Exercise requirements:
An exact copy is needed of the lines in the entries below from the line with "In my last article, I" up to and including the line with "(张艺蕾)12月8日和12月", and of nothing else. Leave the pictures out.

Supplied material:
#####

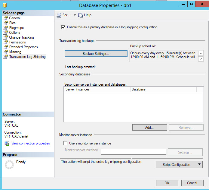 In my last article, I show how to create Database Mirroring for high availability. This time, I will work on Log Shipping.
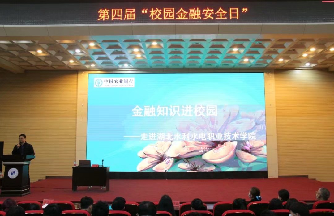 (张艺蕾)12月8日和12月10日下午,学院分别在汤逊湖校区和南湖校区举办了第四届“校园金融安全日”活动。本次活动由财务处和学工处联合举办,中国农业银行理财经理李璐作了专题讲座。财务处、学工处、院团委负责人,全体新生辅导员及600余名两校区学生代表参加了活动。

#####

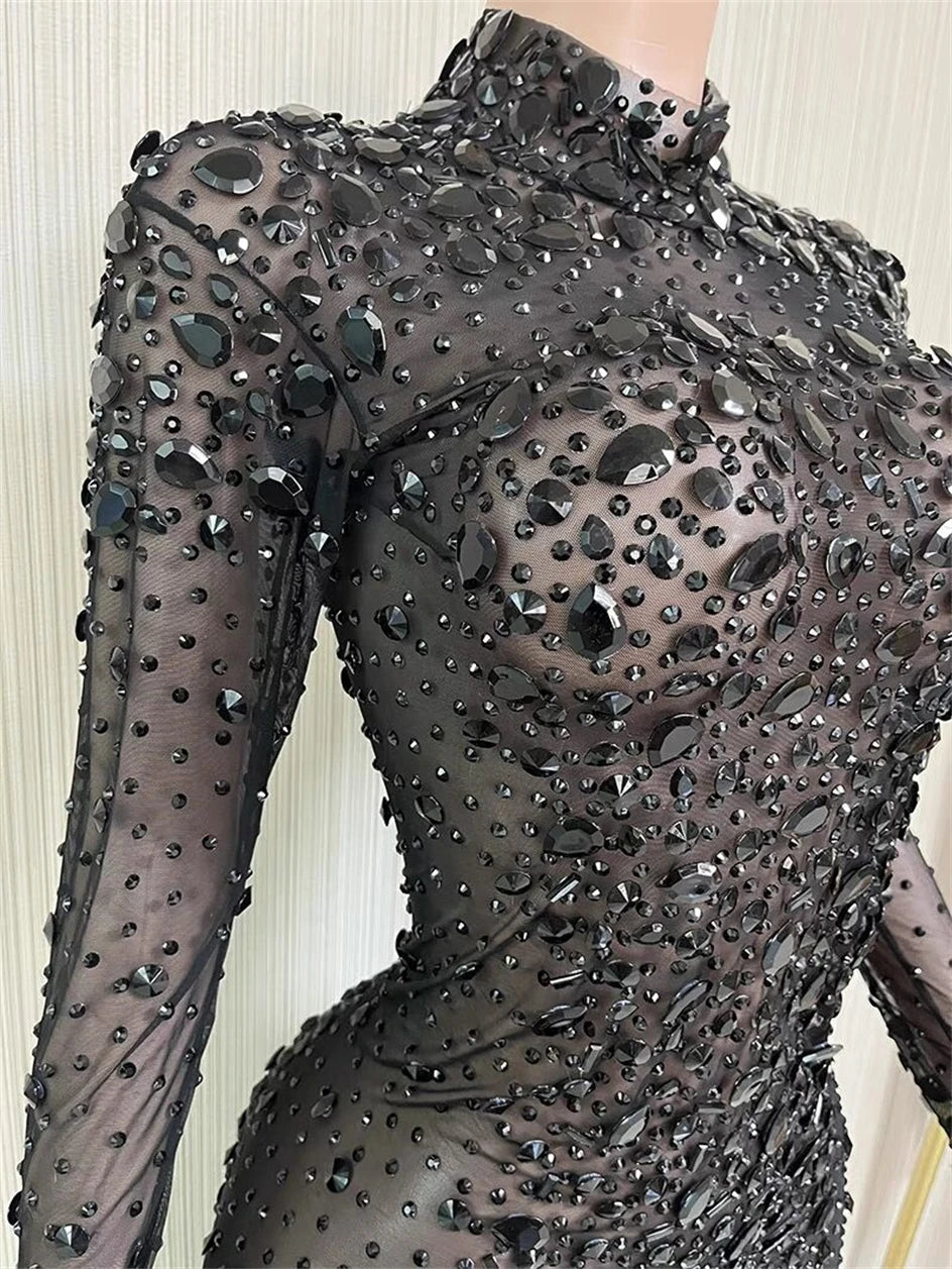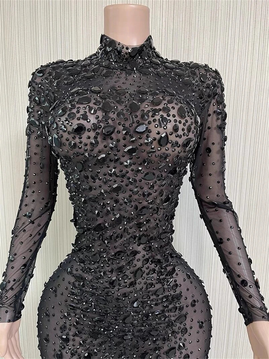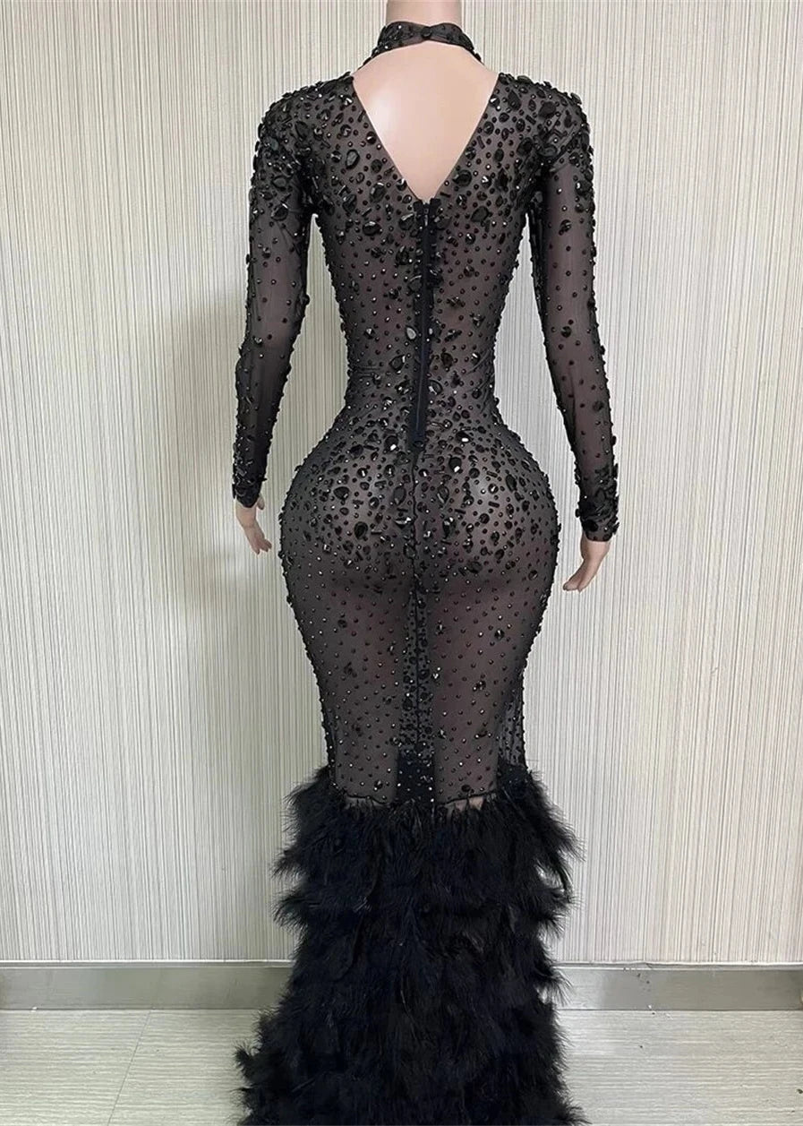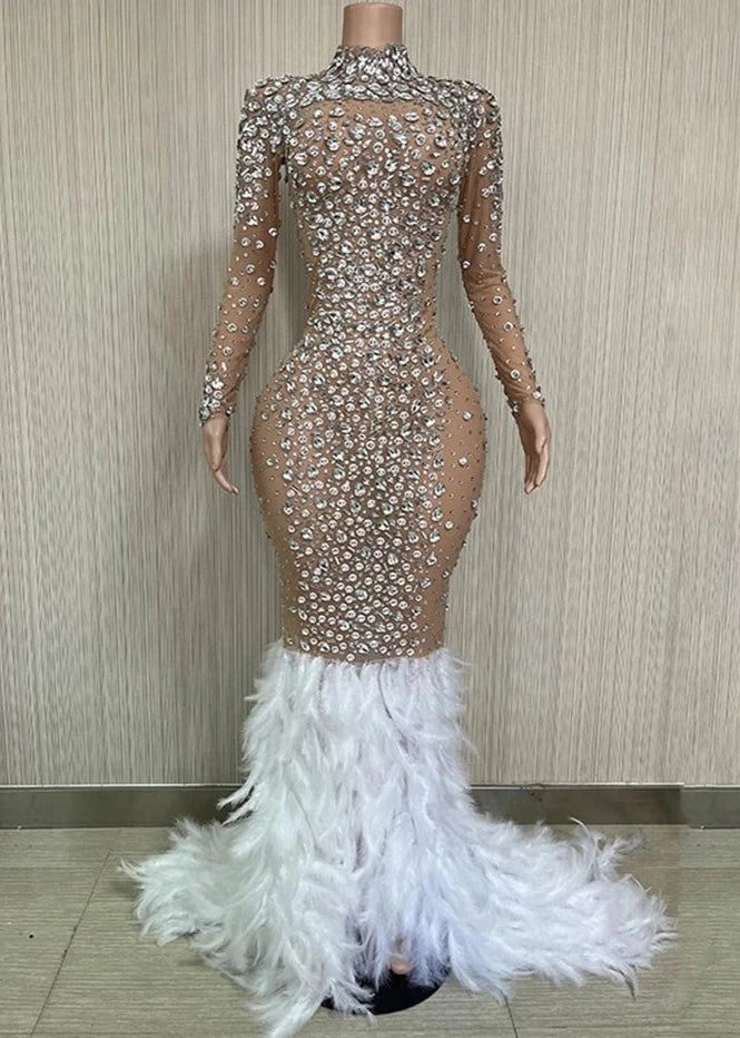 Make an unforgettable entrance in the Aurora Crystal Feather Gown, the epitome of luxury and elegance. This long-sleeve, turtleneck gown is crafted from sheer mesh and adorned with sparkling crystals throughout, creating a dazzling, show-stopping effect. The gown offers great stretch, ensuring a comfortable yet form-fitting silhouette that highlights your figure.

#####

Answer for the task:
 In my last article, I show how to create Database Mirroring for high availability. This time, I will work on Log Shipping.
 (张艺蕾)12月8日和12月10日下午,学院分别在汤逊湖校区和南湖校区举办了第四届“校园金融安全日”活动。本次活动由财务处和学工处联合举办,中国农业银行理财经理李璐作了专题讲座。财务处、学工处、院团委负责人,全体新生辅导员及600余名两校区学生代表参加了活动。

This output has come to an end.